EXERCISE GOAL: Verbatim reproduction of the entries is required; images must be omitted.

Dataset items
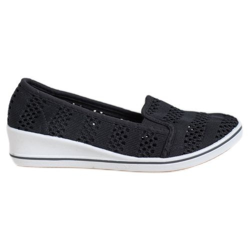 Sportowe baleriny idealne na co dzień. Buty powstały z ażurowej tkaniny w kolorze czarnym. Obuwie wsuwa się na stopę, co jest łatwiejsze dzięki klinom na przegubie. Dla kontrastu baleriny mają białą platformę z wysokim koturnem. Dolną część stanowi wygodna i bezpieczna bieżnikowana podeszwa wykonana z gumy.
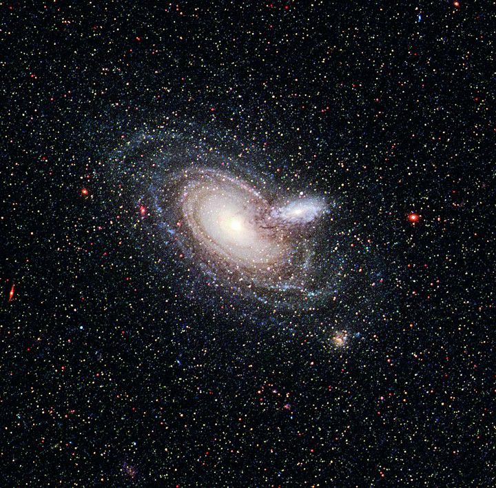 9. "Хаббл" запечатлел редкий момент расположения на одной линии двух спиральных галактик: первая, небольшая, упирается в центр более крупной.
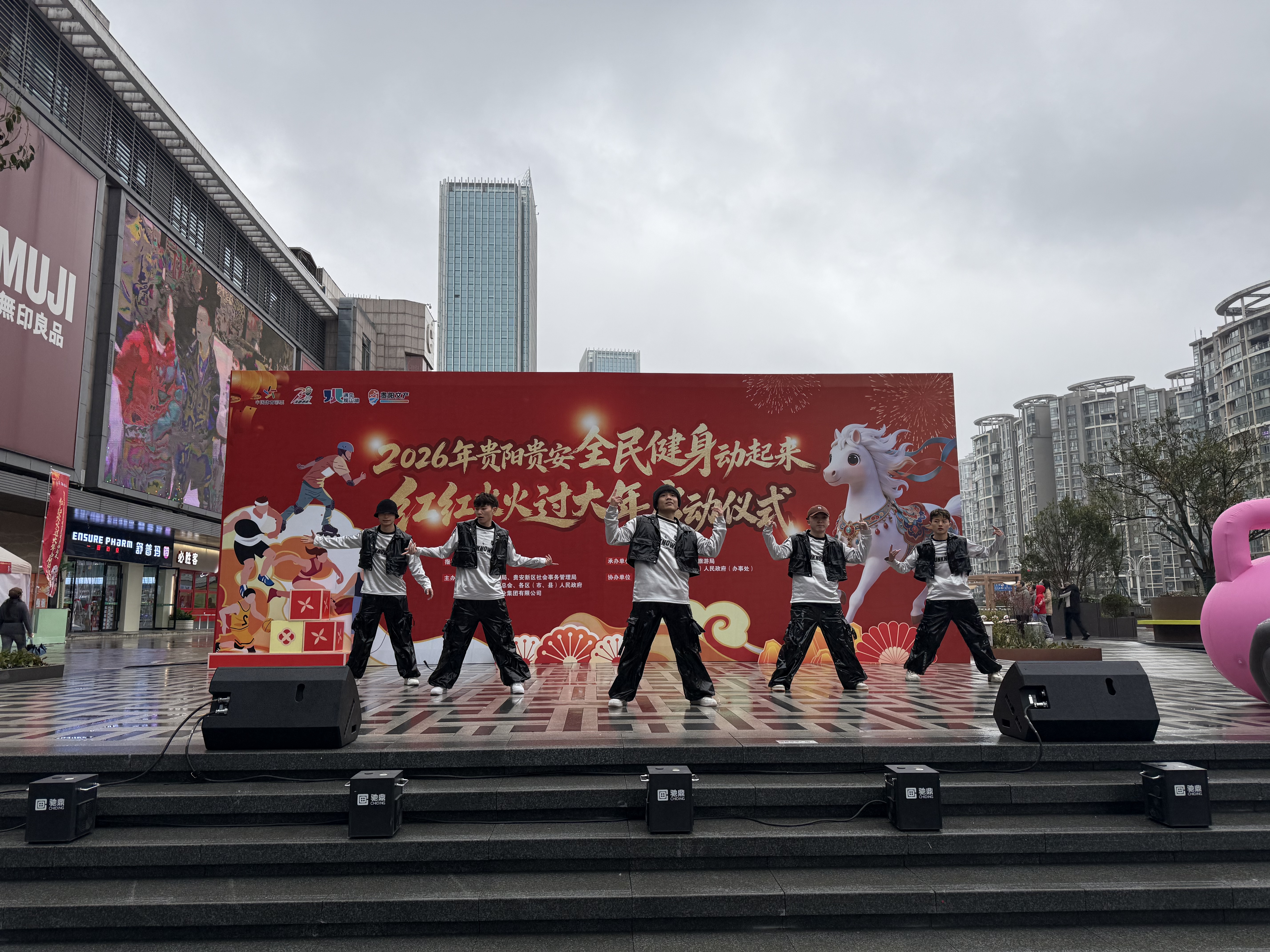 本次活动由贵州省体育局指导,贵阳市体育局、贵安新区社会事务管理局、贵阳市体育总会、贵阳文产集团等多部门联合主办。开幕式在啦啦操、舞狮、街舞等精彩表演中热烈开场。14时30分许,随着五彩地爆球与彩色气球腾空而起、冷焰火划破长空,为期多日的全民健身“红红火火过大年”系列活动正式启幕。
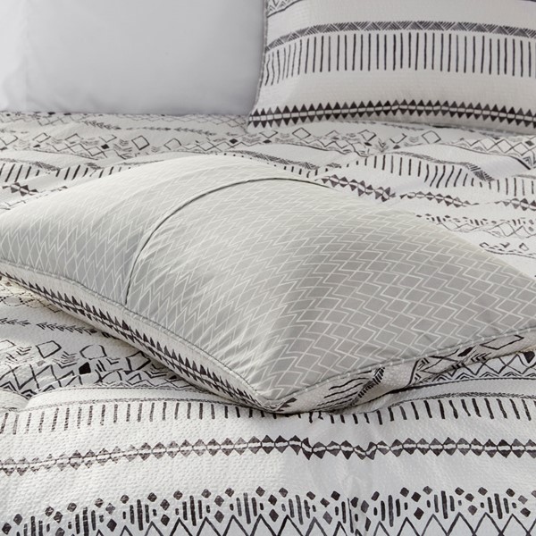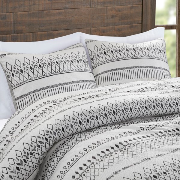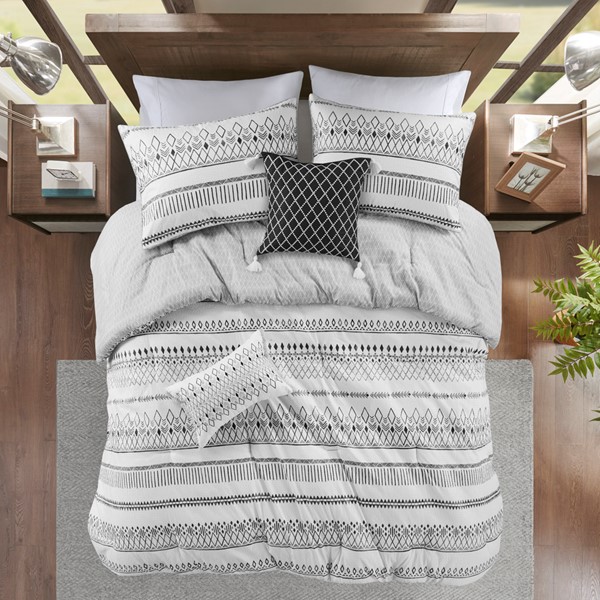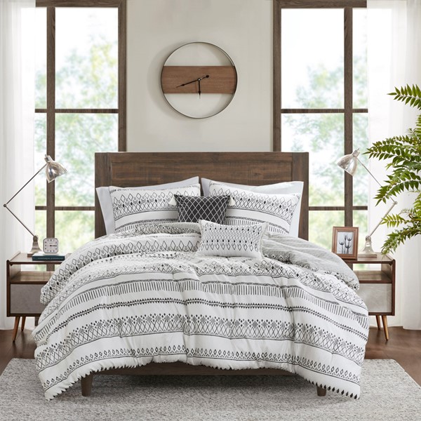 Soft and lightweight, the Madison Park Fraser comforter set brings a Southwest inspired touch to your bed. A diamond print in soft black adorns the light ivory face, while a grey diamond print on the reverse adds a complementary farmhouse look. This set includes a comforter, 2 shams, and 2 decorative pillows with tassels or fringe to tie back into the bedding. This reversible comforter also features an antimicrobial treatment to help reduce the growth of odor causing bacteria and keep the fabric lasting longer. This set is machine washable in a large capacity commercial washer/dryer for best care.
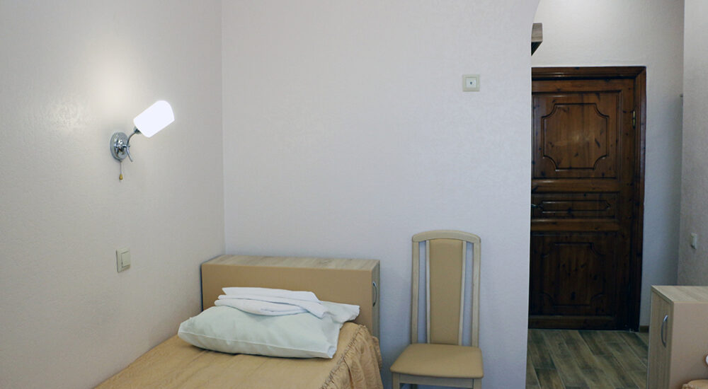 В номере: одна полутороспальная кровать, прикроватная тумбочка, стул, шкаф для одежды, зеркало, вешалка для верхней одежды, холодильник, телевизор, телефон, чайник, чайный набор на одну персону
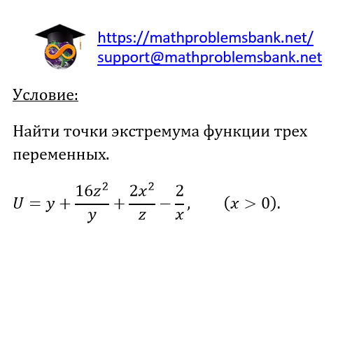 \( \underline{\text { Условие: }} \) Найти точки экстремума функции трех переменных. \[ U=y+\frac{16 z^{2}}{y}+\frac{2 x^{2}}{z}-\frac{2}{x}, \quad(x>0) \]
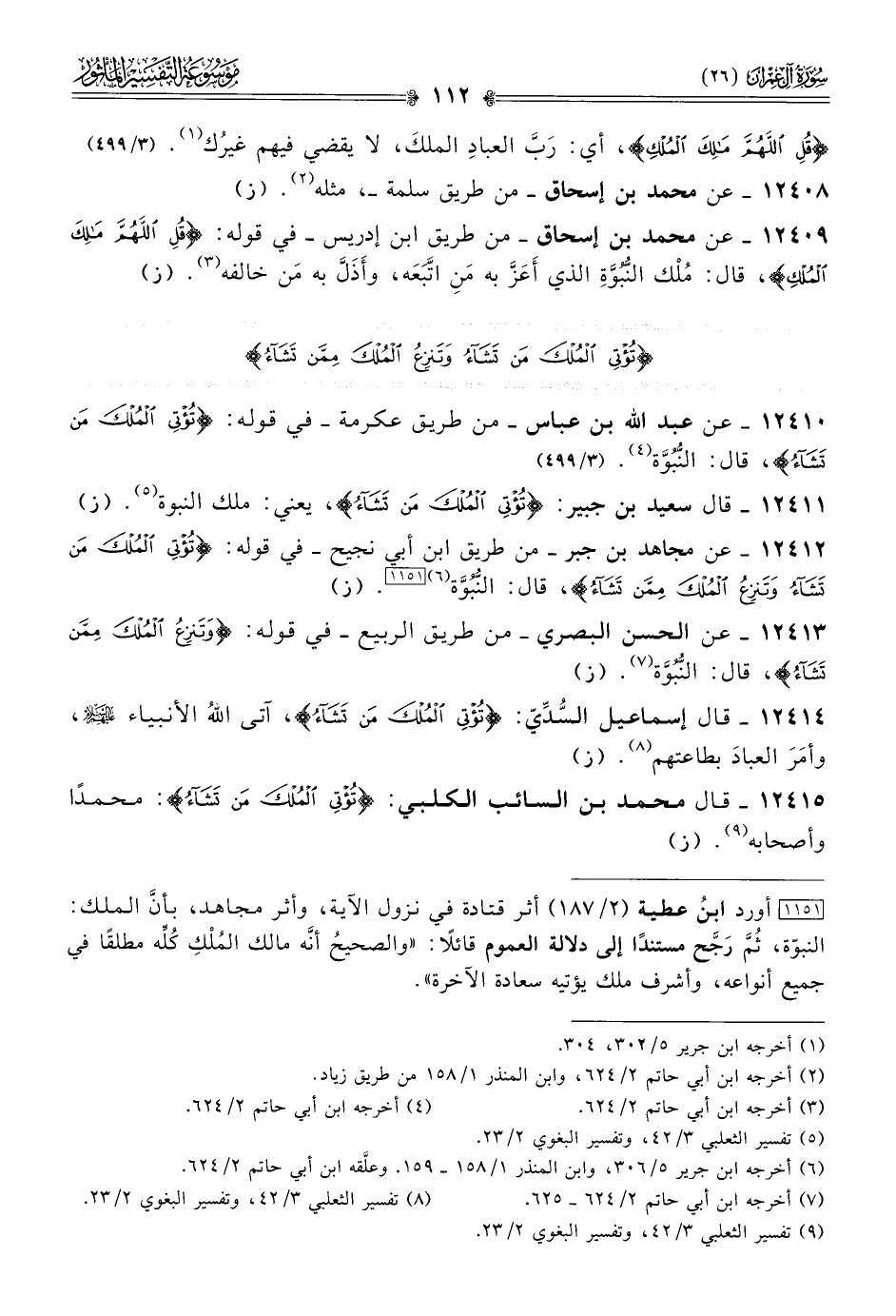 ١٢٤١٠ - عن عبد الله بن عباس -من طريق عكرمة- في قوله: {تؤتي الملك من تشاء}، قال: النُّبُوَّة (¬٤). (٣/ ٤٩٩)
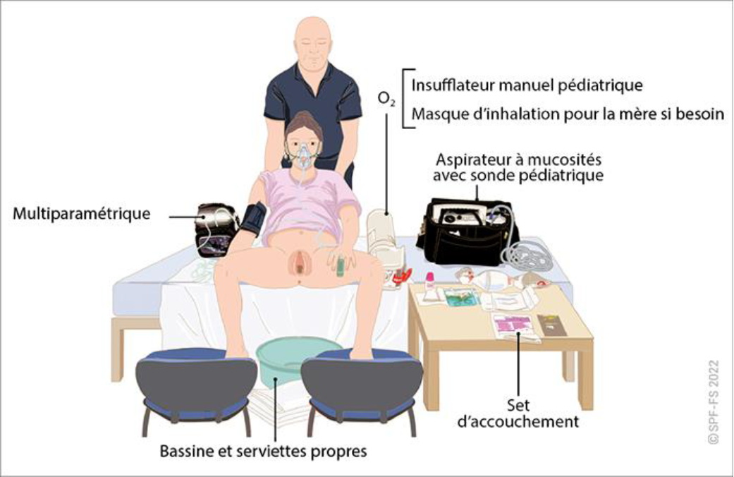 • avoir à portée de main le matériel nécessaire à une éventuelle réanimation du nouveau-né (coin bébé) :
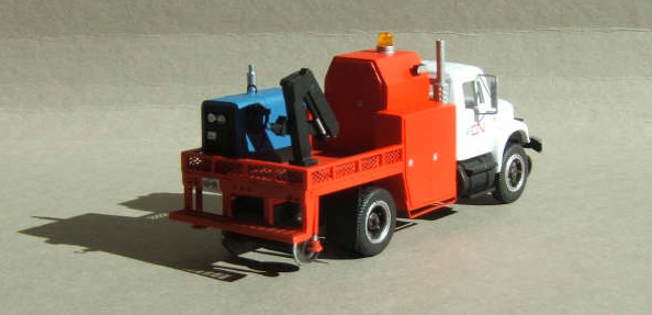 This model from Mike Pebesma is a hi-rail welding truck. It started with a Boley cab which was put on a scratchbuilt frame. The bed, tool cabinets, Miller "Big Blue Turbo" welder and the mini Hiab hoist were all scratchbuilt from styrene. The fine mesh used for the bed sides is copper shielding from old computer ribbon cable.The hi-rail wheels are made from N scale freight car wheels and can be moved to the road or rail position. It was painted using Pollyscale paints and decals from Microscale with Ontario licence plates from Penitentiary Products.

SOLUTION TO THE EXERCISE:
 Sportowe baleriny idealne na co dzień. Buty powstały z ażurowej tkaniny w kolorze czarnym. Obuwie wsuwa się na stopę, co jest łatwiejsze dzięki klinom na przegubie. Dla kontrastu baleriny mają białą platformę z wysokim koturnem. Dolną część stanowi wygodna i bezpieczna bieżnikowana podeszwa wykonana z gumy.
 9. "Хаббл" запечатлел редкий момент расположения на одной линии двух спиральных галактик: первая, небольшая, упирается в центр более крупной.
 本次活动由贵州省体育局指导,贵阳市体育局、贵安新区社会事务管理局、贵阳市体育总会、贵阳文产集团等多部门联合主办。开幕式在啦啦操、舞狮、街舞等精彩表演中热烈开场。14时30分许,随着五彩地爆球与彩色气球腾空而起、冷焰火划破长空,为期多日的全民健身“红红火火过大年”系列活动正式启幕。
 Soft and lightweight, the Madison Park Fraser comforter set brings a Southwest inspired touch to your bed. A diamond print in soft black adorns the light ivory face, while a grey diamond print on the reverse adds a complementary farmhouse look. This set includes a comforter, 2 shams, and 2 decorative pillows with tassels or fringe to tie back into the bedding. This reversible comforter also features an antimicrobial treatment to help reduce the growth of odor causing bacteria and keep the fabric lasting longer. This set is machine washable in a large capacity commercial washer/dryer for best care.
 В номере: одна полутороспальная кровать, прикроватная тумбочка, стул, шкаф для одежды, зеркало, вешалка для верхней одежды, холодильник, телевизор, телефон, чайник, чайный набор на одну персону
 \( \underline{\text { Условие: }} \) Найти точки экстремума функции трех переменных. \[ U=y+\frac{16 z^{2}}{y}+\frac{2 x^{2}}{z}-\frac{2}{x}, \quad(x>0) \]
 ١٢٤١٠ - عن عبد الله بن عباس -من طريق عكرمة- في قوله: {تؤتي الملك من تشاء}، قال: النُّبُوَّة (¬٤). (٣/ ٤٩٩)
 • avoir à portée de main le matériel nécessaire à une éventuelle réanimation du nouveau-né (coin bébé) :
 This model from Mike Pebesma is a hi-rail welding truck. It started with a Boley cab which was put on a scratchbuilt frame. The bed, tool cabinets, Miller "Big Blue Turbo" welder and the mini Hiab hoist were all scratchbuilt from styrene. The fine mesh used for the bed sides is copper shielding from old computer ribbon cable.The hi-rail wheels are made from N scale freight car wheels and can be moved to the road or rail position. It was painted using Pollyscale paints and decals from Microscale with Ontario licence plates from Penitentiary Products.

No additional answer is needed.